Окна маленькой уютной гостиной — сейчас они закрыты — выходят на Аламеду; обтянутые узорчатым шелком резные стулья и кресла, столик с грелкой-жаровней, придвинутое к оклеенной обоями стене пианино, к которому не прикасались уже одиннадцать лет. Аляповатые картины, несколько гравюр, на ореховой полке — десятка три книг: по истории Испании, по муниципальному здравоохранению, сборники королевских указов в бумажных обложках, словарь испанского языка, пятитомный «Дон Кихот», «Романсы о Германиях и Словарь» Хуана Идальго, тома, посвященные Кадису и Андалусии из серии «Ежегодник Испании и Португалии» Хуана Альвареса де Кольменара.

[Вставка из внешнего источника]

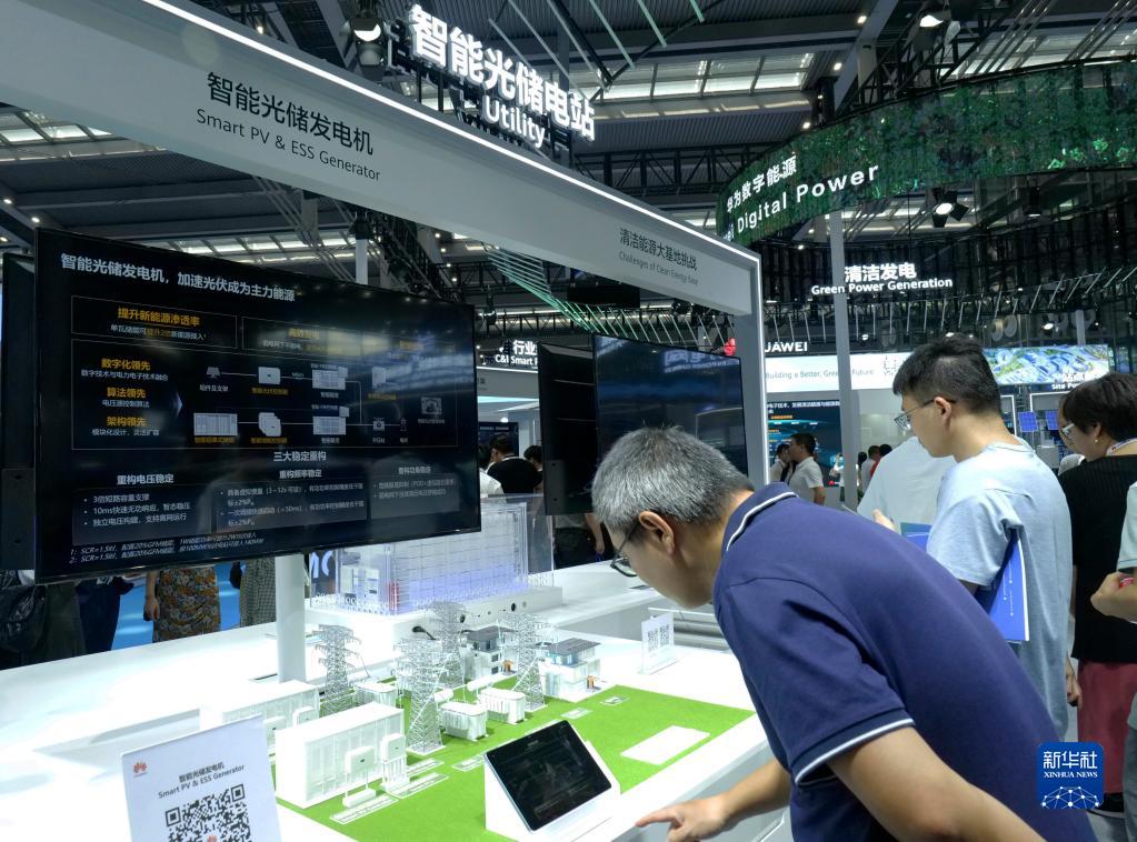 6月30日,觀眾在展會上觀看智能光儲電站模型。
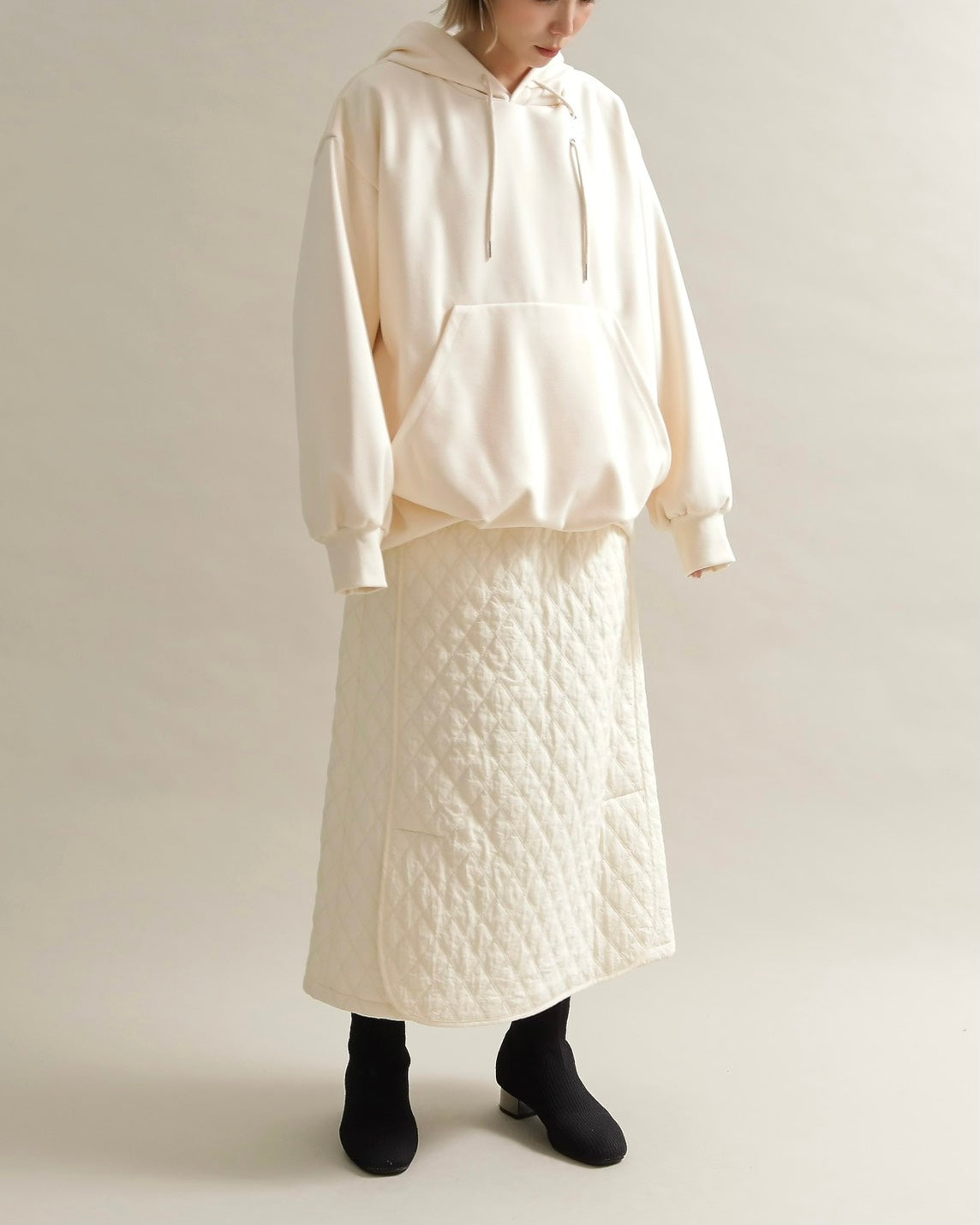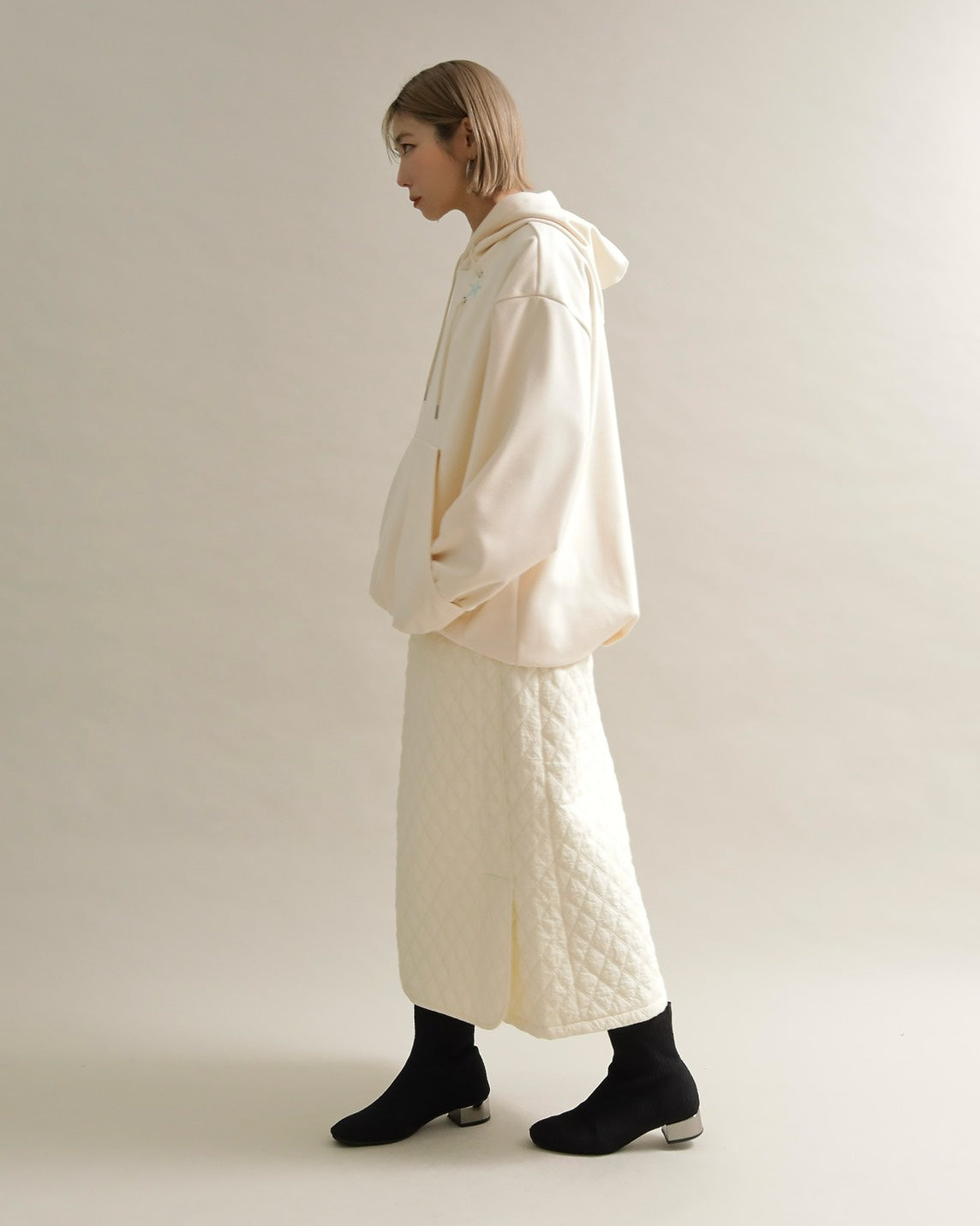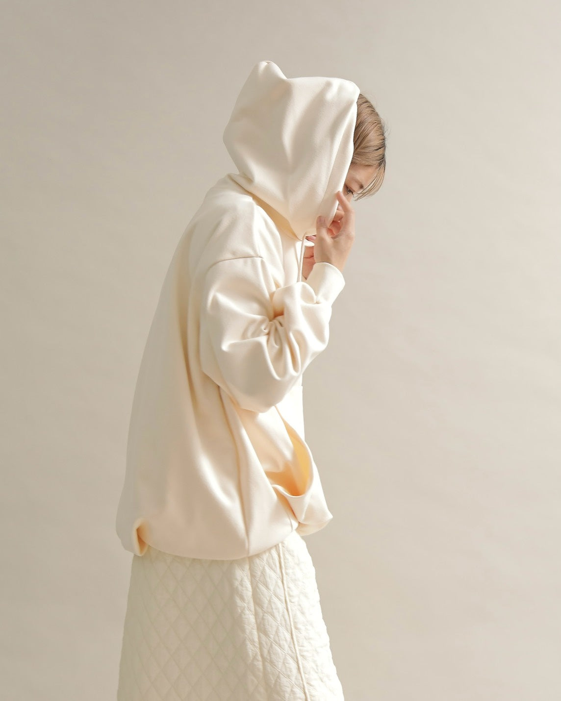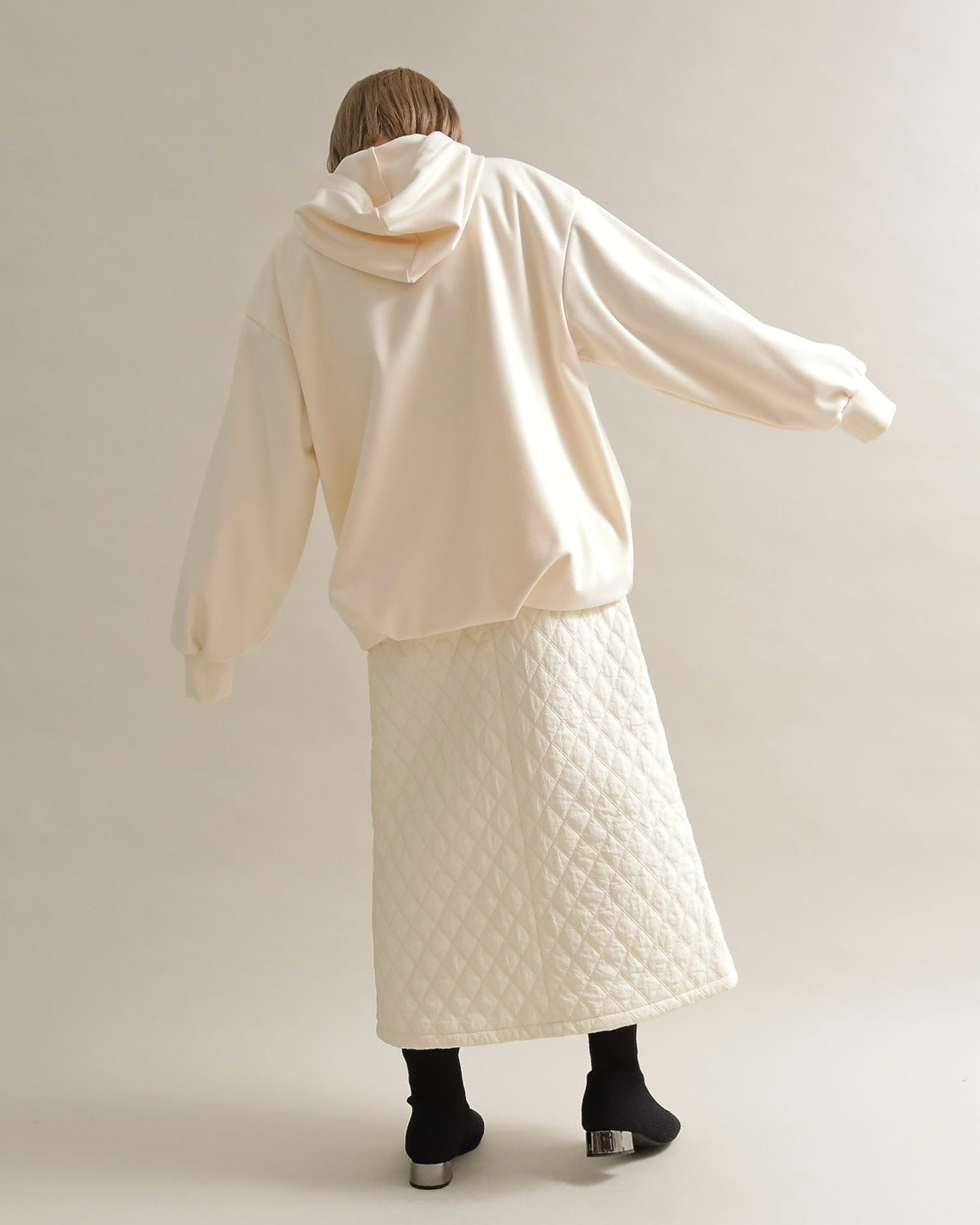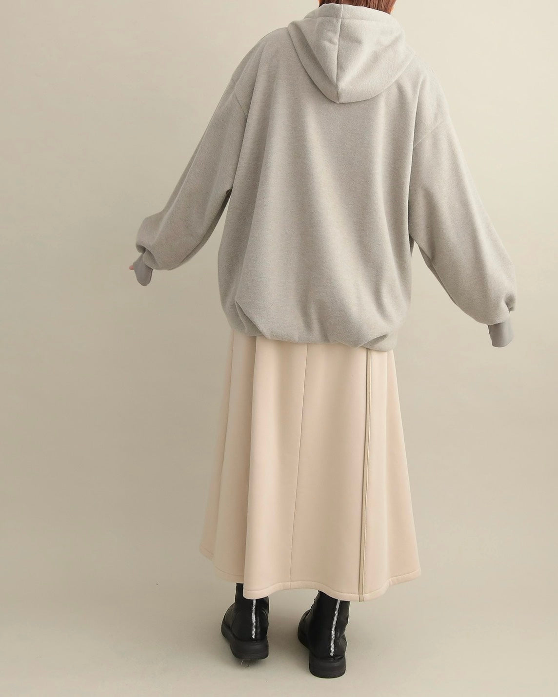 裾は自然にふくらむ丸みのあるフォルムで、着るだけでこなれた雰囲気を演出します。

— Вот попробуйте-ка эту. — Тисон открывает ящик с сигарами. — Два дня как из Гаваны.
И достались, кстати сказать, даром. Без пошлин. Восемь вместительных коробок с первоклассными сигарами комиссару вручили как часть платы — а еще 200 реалов он получил в серебряных дуро — за то, что признал действительным сомнительный паспорт одного приехавшего в Кадис семейства. Барруль, едва раскурив сигару, кладет ее в массивную металлическую пепельницу, украшенную изображением гончего пса, поправляет очки, раскрывает папку и кладет перед Тисоном несколько рукописных листков. Потом снова берет «гавану», попыхивает ею и с легкой довольной полуулыбкой откидывается на спинку стула.
— Следы на песке, — повторяет он, медленно выпуская дым. — Думаю, это имеет к нему отношение.
Тисон проглядывает листки, исписанные почерком профессора. Что-то знакомое: «Всегда, как посмотрю, о сын Лаэртов, врагам удар готовишь ты нежданный…» [17]
Да, он читал это раньше. Когда-то давно. Страницы пронумерованы, но нет ни заглавия, ни названия. Это диалог Афины и Одиссея. «След свежий узнать стремясь — ты, как собака лаконская, вынюхиваешь цель…»Комиссар, зажав сигару в зубах, поднимает на гостя вопросительный взгляд.